Big data is a subject which continues to step into more and more categories as our ability to measure continues to improve. How big data can be used will be a continued subject that both academics and practitioners will continue to be thought about and experimented on. It will give rise to a new consumer culture and potentially to new ways of organizing people and infrastructure. Big Data is an excellent readable overview of how data has always been used to guide policy, how big data is being used today, what the value chain of the data industry looks like, what the risks are of big data and how big data can enhance the future. Its easy to read and illuminating.
I encountered two huge issues in the text. First, the authors repeatedly argue that it's OK if Big Data contains "messy" data, because they assert that when "n=all" then the statistical rules about sampling don't apply. This argument fails two ways: first, if n=all but if the data contains "messy" (erroneous) data points in critical places, then it will be misleading and perhaps even completely wrong. Second, when using past data where "n=all" to project future events, then it's no longer true that "n=all." Instead, we have data for "n=all(where(time=past))" and we're using that data to try to predict events in a completely separate data set ("time=future"), and it's entirely possible that there are critical differences demarcated by "time=now."
The second huge issue, for me, was the authors' focus on the concept that Big Data brings with it a huge risk that we will use data to predict future behavior -- and that we will then use those predictions to punish people for acts they have not committed (e.g., the "Minority Report" problem). They distort this argument in two ways: first, by assuming that society would actually do this, and second, by asserting that any action taken based on these predictions (such as increasing scrutiny or assigning social workers to visit at-risk juveniles) is "punishment."

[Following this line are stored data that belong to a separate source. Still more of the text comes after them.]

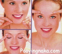 2. นวดหนังตา ก่อนนวดต้องทาครีมสำหรับรอบดวงตาโดยเฉพาะบริเวณหนังตาเสียก่อน
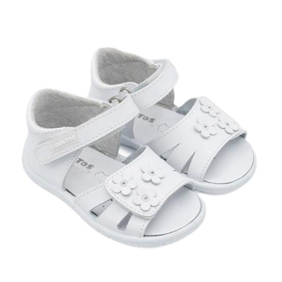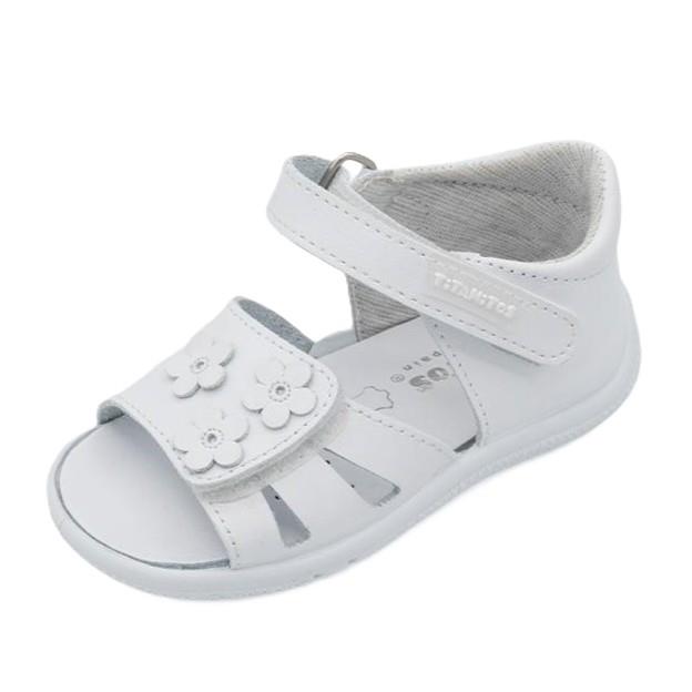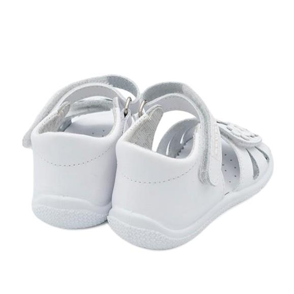 Sandalias de piel lavable Blanca con flores y doble cierre adherente.TITANITOS.
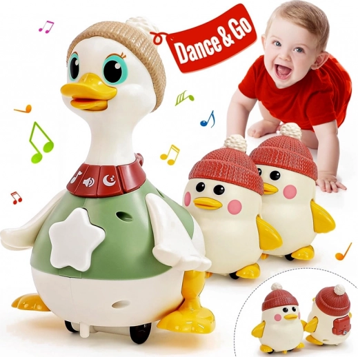 Odkrijte interaktivno igračo, ki podpira grobo in fino motoriko, koordinacijo roka–oko ter razumevanje vzroka in posledice. Mamica raca zna hoditi sama ali stati in peti, pri tem premika kljunček in na trebuščku ji sveti nežna zvezdica. Po daljši neaktivnosti se sama uspava, zato varčuje z baterijami.
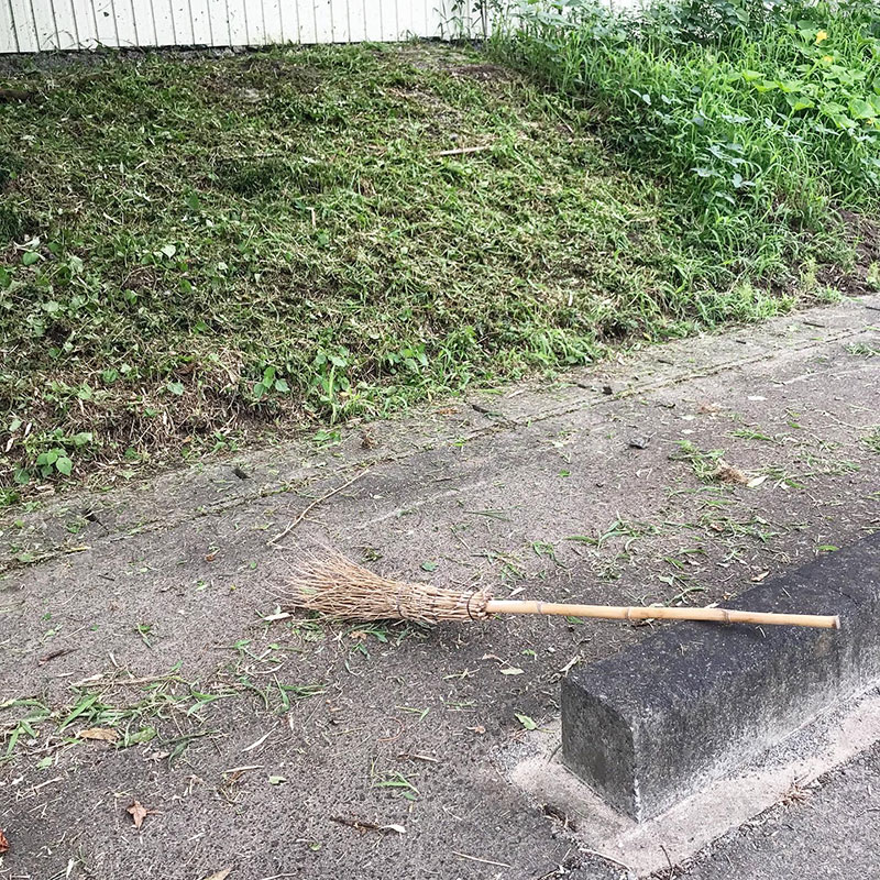 我が家は日々の生活に追われ限界になった時にしかやらないので土手やその前の道路の舗装のヒビから草が生えてしまう。一気に刈って竹箒で履く。
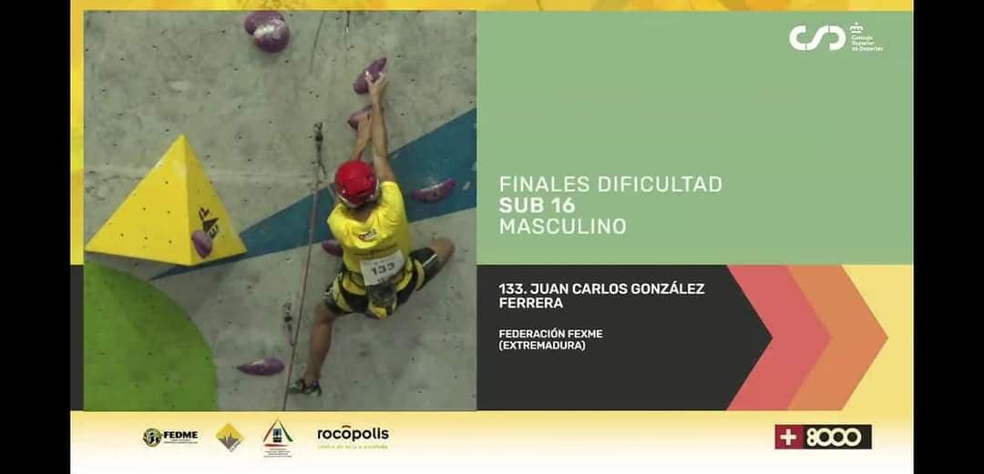 Tampoco nos queremos olvidar de CACO Escalada Antiguo Alumno , que este año está en la residencia de Deportistas de Alto rendimiento de Cáceres. Sigue acumulando éxitos en los pocos meses que entrena en la localidad cacereña, ya ha obtenido un 3º puesto en Campeonato de España y un 1º en el Open de Bloque celebrado en Plasencia, en su respectiva categoría. Federacion Extremeña Montaña Escalada
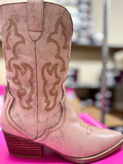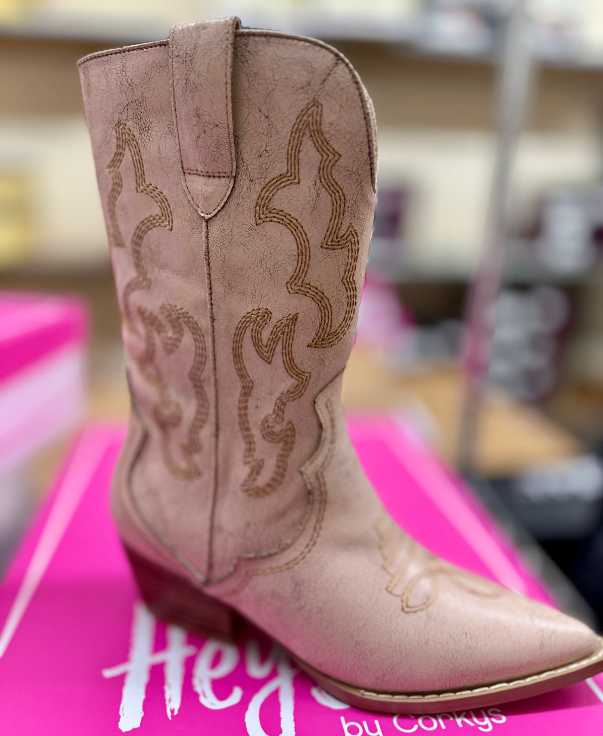Step into western charm with a feminine twist in these Hey Girl by Corkys boots. Designed in a soft blush-pink tone with classic western stitching, these boots bring just the right mix of rugged and pretty. The gently distressed finish adds character, while the comfortable stacked heel makes them perfect for all day wear.
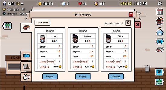 游戏采用经典的8位像素风格的画风,主要是玩法是在城市中运营一个巨大的水族馆,我们要尽心尽力的满足所有的客人的需求,让游客们更愿意在你这个水族馆消费。
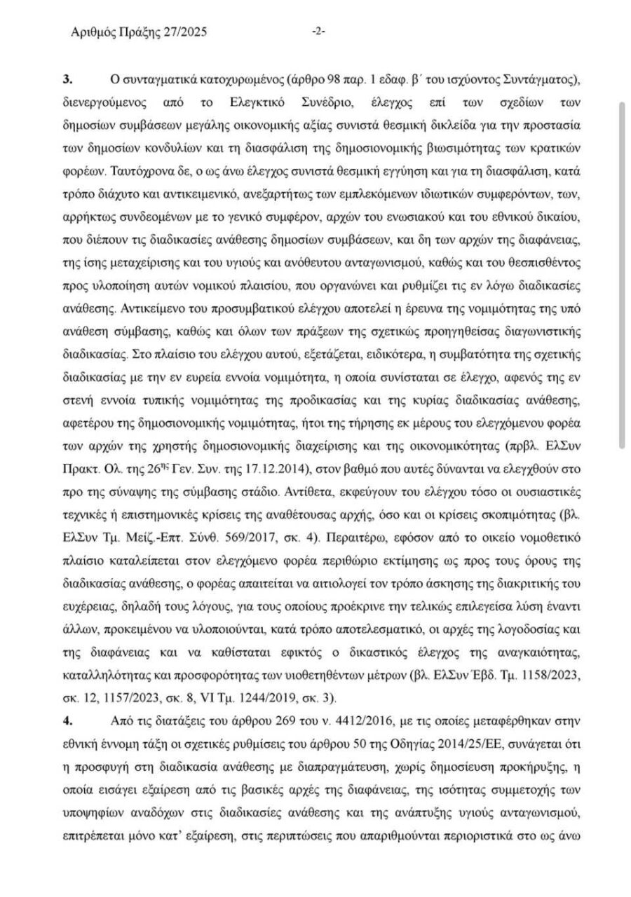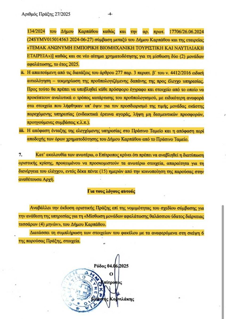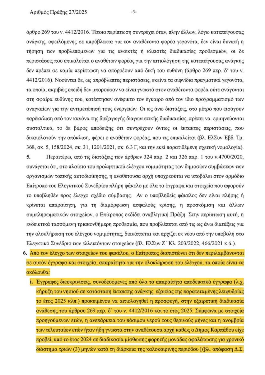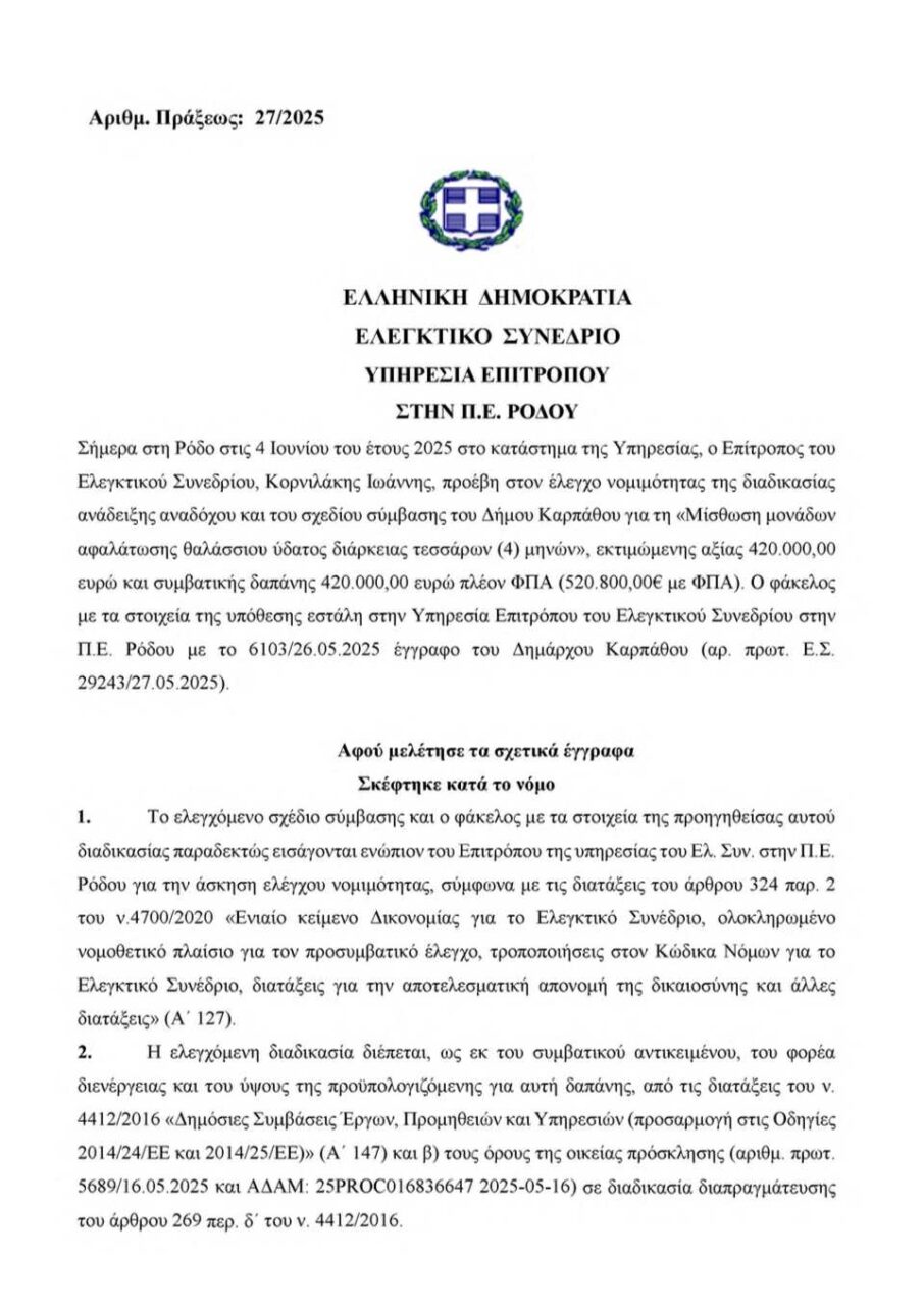 Η Καρπαθιακή Ένωση, πιστή στην αποστολή της σαν Αντιπολίτευση,να υπηρετεί το δημόσιο συμφέρον, δημοσιοποιεί σήμερα την Πράξη 27/2025 του Επιτρόπου του Ελεγκτικού Συνεδρίου (4/7/2025), με την οποία αναστέλλεται ο έλεγχος νομιμότητας της σύμβασης για τη μίσθωση μονάδων αφαλάτωσης στον Δήμο Καρπάθου, λόγω σοβαρών πλημμελειών στον υποβληθέντα φάκελο της Δημοτικής Αρχής. Τι αναφέρει ρητά το Ελεγκτικό Συνέδριο:
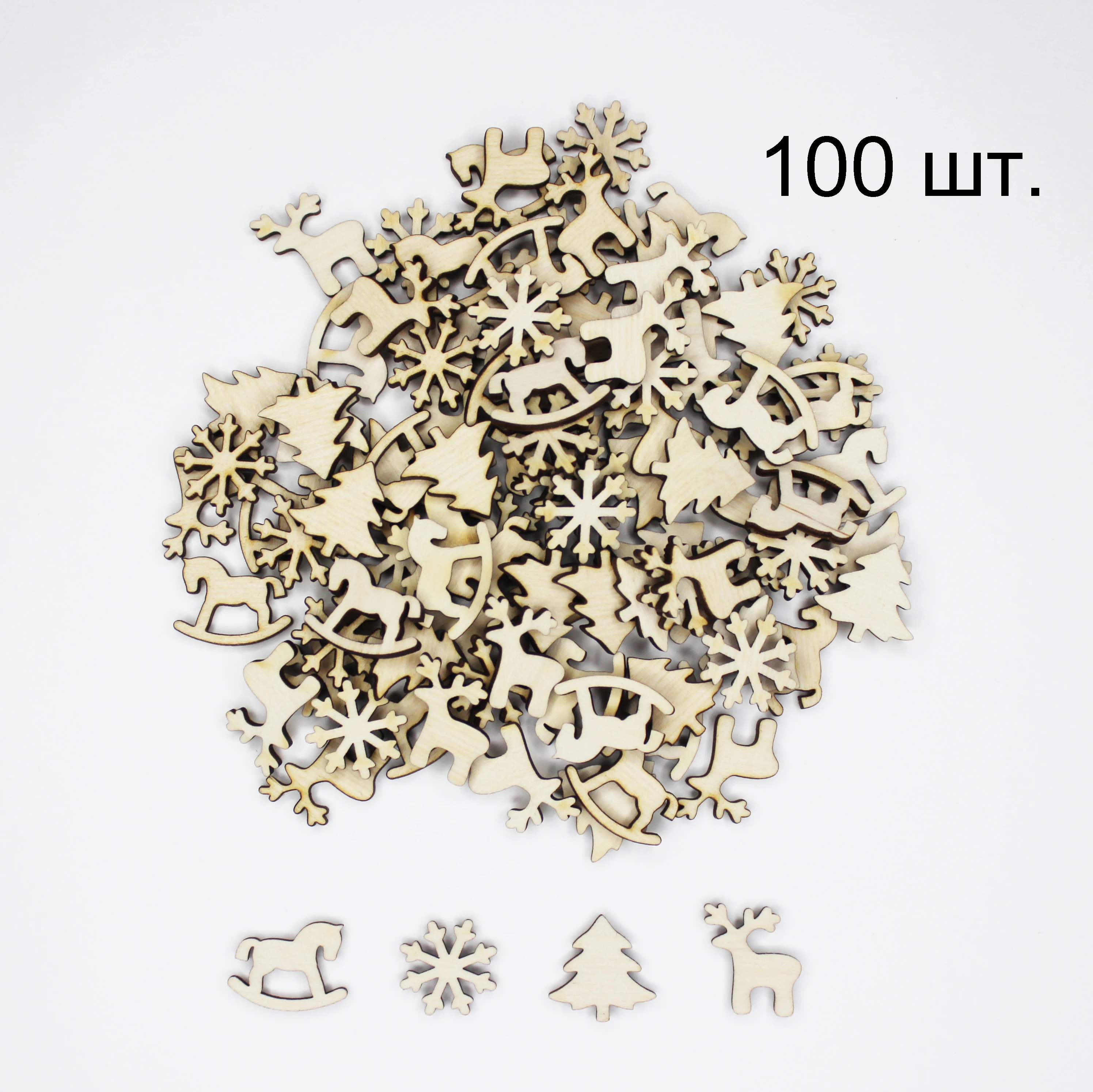 100 штук украшения новогодние, рождественские деревянные аксессуары, DIY, снежинки, олень, лошадка, елка, ручная работа
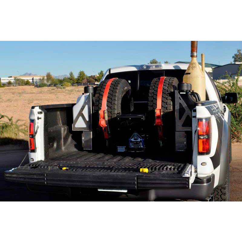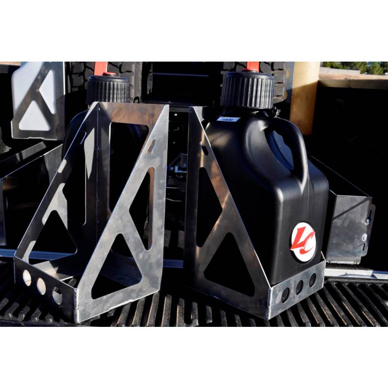 The new bed cage for the F-Series trucks makes getting all of your gear out to the races or weekend on the trail easy, while looking incredible doing it! With multiple mounting options for fuel cans and accessories, these can be tailor made to suit your needs, yet flexible enough to adapt for different adventures. The lockable toolbox allows for safe storage for all of your trail tools and the optional pull out drawers fit quart just perfectly. Accessory mounts for 5 gallon square fuel tanks, round dump cans, powertank 10 lb. CO2 inflator tanks, and race jacks. Mix and match to get all of your required items out with you and safely held down in your bed. There are 6 mounting locations for fuel tanks, dump cans and CO2 bottles. Only 2 dump cans mounts can be used per side due to their larger size, but a CO2 bottle can be fit with 2 dump cans on a side. Accessory mounts are raw aluminum and can be powdercoated hammer black match the bed cage. Optional drawers only available in raw aluminum.
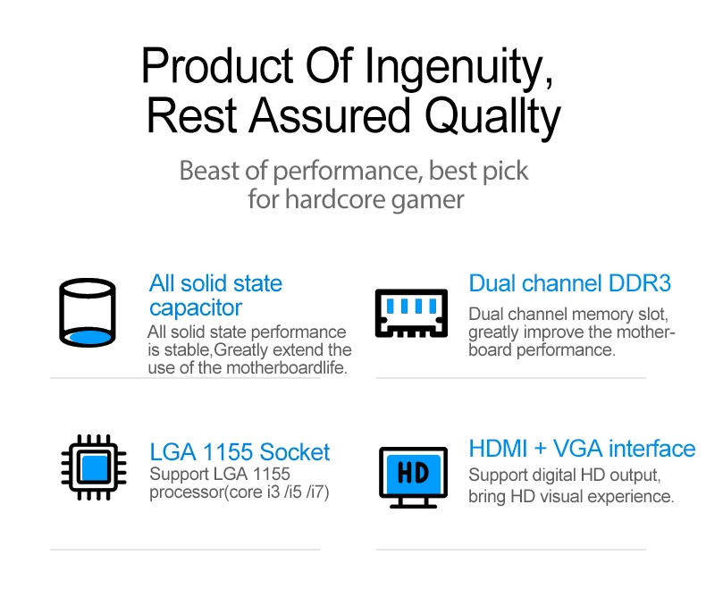 ➊ Из-за различных партий продукции могут быть некоторые различия между изображениями, которые вы видели, и продуктом, который вы получите, например, коробка, цвет DIMM слотов, SATA портов, PCI или PCI-E слоты и т. Д., которые могут быть изменены без предварительного уведомления. Одна вещь точно, Мы никогда не поставим под вопрос качество нашей продукции.
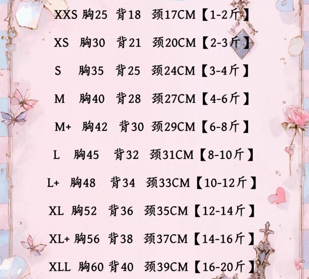 サイズは最後の画像でご確認の上、ご注文をお願いいたします。サイズ表は、胸囲、着丈、首周りの順にサイズが載っています。
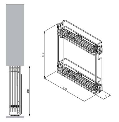 Drátěný koš se dvěma policemi pro skříňku 150mm s HPL bílým dnem. Boční plnovýsuv s dotlumením (Hettich) pro montáž na levou stěnu korpusu. Rozměry: h473xv510xš107. Nosnost 30kg.
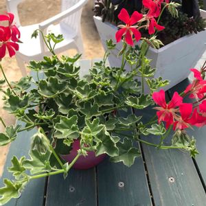 一番好きな花アイビーゼラニウム。 斑入りが珍しいエフカ 葉だけ見ても楽しめるのですが、花がもう少し種類が出てくればいいのに(☝︎ ՞ਊ ՞)☝︎
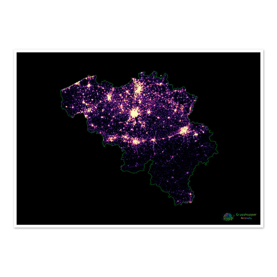 Mapa de calor de densidad de población de Bélgica Fine Art Print. Mapa de densidad de población de alta resolución basado en conjuntos de datos globales detallados, diseñado para parecerse a constelaciones de estrellas y nebulosas. Los colores más oscuros representan áreas de muy baja densidad, los amarillos son centros urbanos densos y los morados en el medio.
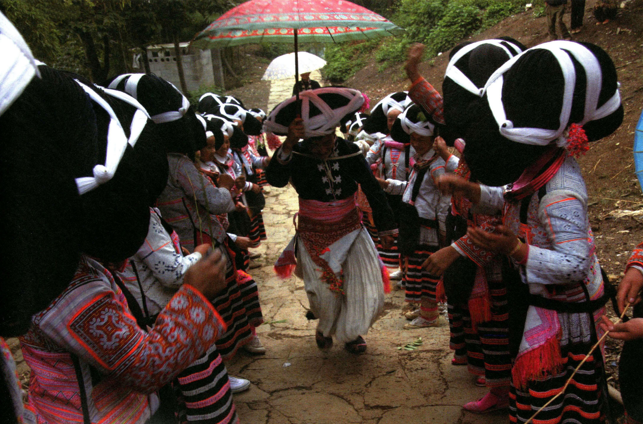 今天的打亲是带有表演性质的,由杨村长的儿子杨兴装扮成求婚的男子。只见杨兴身穿一件崭新的土布对襟上装,上有白色的布纽扣和两个荷包作装饰,背着一只口袋,内装两只鸡(分别为公鸡和母鸡),在媒人的陪伴下来到寨里的女方家。此时,女方家的大门口两边站着十多个姑娘,她们手里拿着竹条“严阵以待”。当满怀喜悦的求婚男子看见这些手拿竹条的姑娘时,心里变得胆怯起来,下意识地往后退了几步,媒人见状便给他鼓劲儿,叫他冲过去。于是,他两手抱头,飞一般地窜过去,但见姑娘们手中的竹条如雨点般地落在了他的身上,打得他哭爹喊娘的,他身上背的两只鸡也被打得“哦哦哦”地直叫唤。旁边看热闹的村民们见状不禁开怀大笑,约翰·杰斯特龙先生也发出了爽朗的笑声。女方家里坐着的都是家亲内戚,他们坐成一个半圆形,全是男性老者,没有老太太。这些老者们嘴里都叼着长烟杆,做出很神气的样子,冲进家门的求婚男子急忙上前给坐在最前面的一位老者跪下,先叩首三次,然后再递上一支香烟,点上火。这位老者也不讲话,只管抽烟。他是女方的舅爷,俗话说“娘亲舅大”,这是中国自宋代流传下来的传统观念,一切是舅爷说了算。舅爷如果点头,这桩婚事就算搞定了;舅爷要是摇头,求婚的男子就要说几大箩筐的好话,一直求到这位舅爷点头,才算过了这一关。这是调侃求婚男子的难得机会,舅爷可以任意提问题,时常弄得求婚男子张口结舌。
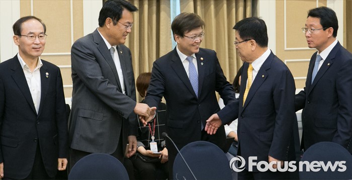 (서울=포커스뉴스) 2일 오전 서울 여의도 국회 귀빈식당에서 열린 미세먼지 대책 관련 당정협의에 참석한 의원들과 장관들이 인사하고 있다. 왼쪽부터 윤성규 환경부 장관, 정진석 새누리당 원내대표, 최양희 미래창조과학부 장관, 김광림 정책위의장, 김상훈 의원.
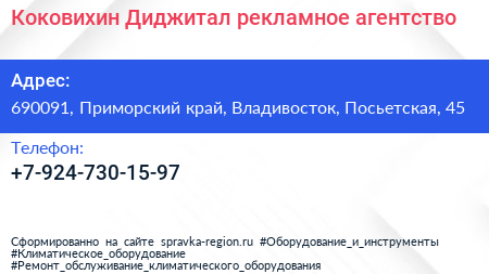 Коковихин Диджитал, рекламное агентство по адресу 690091, Приморский край, Владивосток, Посьетская, 45 в дальнейшем Организация, размещена в следующих категориях:

I was also skeptical of the authors' general reverence of, and deference to, data scientists as professionals and experts. The author believe that it's plausible to expect a new profession of internal and external "algorithmists" to arise, to protect consumers' privacy interests and society's interests against the potential abuses by Big Data users.
The book also failed to provide real-world "how-to" examples, instead providing only "end result" examples and conclusions that often seem incomplete and sometimes implausible. Their many useful examples of useful information extracted from Big Data all doubtless represent the end-point of many, many explorations of Big Data; they probably also represent a subset of correlations derived, after many misleading correlations were removed.
Finally, note that the book's lengthy end notes, bibliography, and index represent a full one-third of the book's length.
There's a lot of useful information in this book, especially for someone just trying to learn about the concept of Big Data. But there's also a lot of hype, and a lot of repetition of ideas without meaningful factual support.